I’ve commented on that, but I’m not convinced that the phase transitions in learning are grokking, per se. There are many different scaling phenomenon, and we shouldn’t go around prematurely conflating them.
This would be the main crux, actually a tremendously important crux. I take this means that models largely would be very far off from an overparameterized regime compared to the data? I expect operating in an overparameterized regime to give a lot more capabilities and currently considered overfitting to the dataset as almost a need, whereas you seem to indicate this is an unreasonable assumption to make?
If so, erm, not only just catastrophic forgetting, but a lot of stuff I’ve seen people in AI alignment forum, base their intuitions on could be potentially thrown in the bin. Eg: I’m more confident in catastrophic forgetting having it’s effect when overfitted on the past data. If one cannot even properly learn past data but only frequently occuring patterns from it, those patterns might be too repetitively occuring to forget. But then, deep networks could do a lot better performance-wise by overfitting the dataset and exhaustively trying to remember the less-frequent patterns as well.
Here, the problem of catastrophic forgetting would not be on downstream learning tasks, it would be on updating this learnt representation to newer tasks.
Very fair, cool.
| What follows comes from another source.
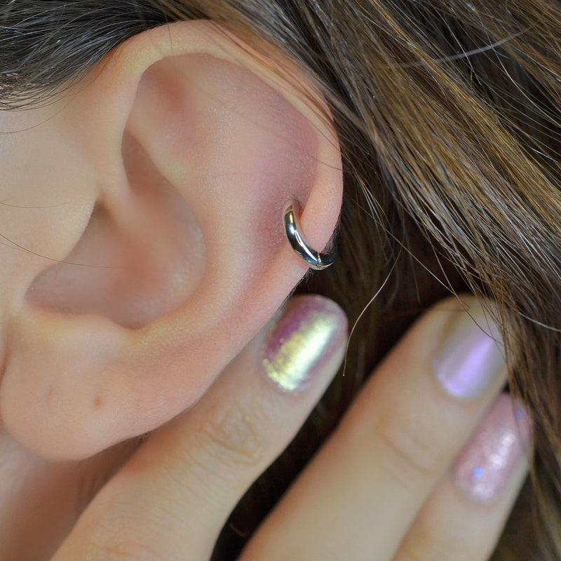 Elevate your piercing collection with our minimalist Flat Ring Tragus Piercing. Crafted from a blend of rhodium and silver, also known as medical gold, this piece combines simplicity with durability.

Thanks, those five were nice illustrations, although I’ll need some time to digest the nature of non-linear dynamics. I’ve bookmarked it for an interesting trip someday.
In this case, I deferred it as I don’t understand what’s really going on in transparency work.
But more generally speaking: Ditto, I sortof believe this to a large degree. I was trying to highlight this point in Section ‘Application: Transparency’. I notice I’m significantly more pessimistic than the median person on AI alignment forum, so there are some cruxes which I cannot put my finger on. Could you elaborate a bit more on your thoughts?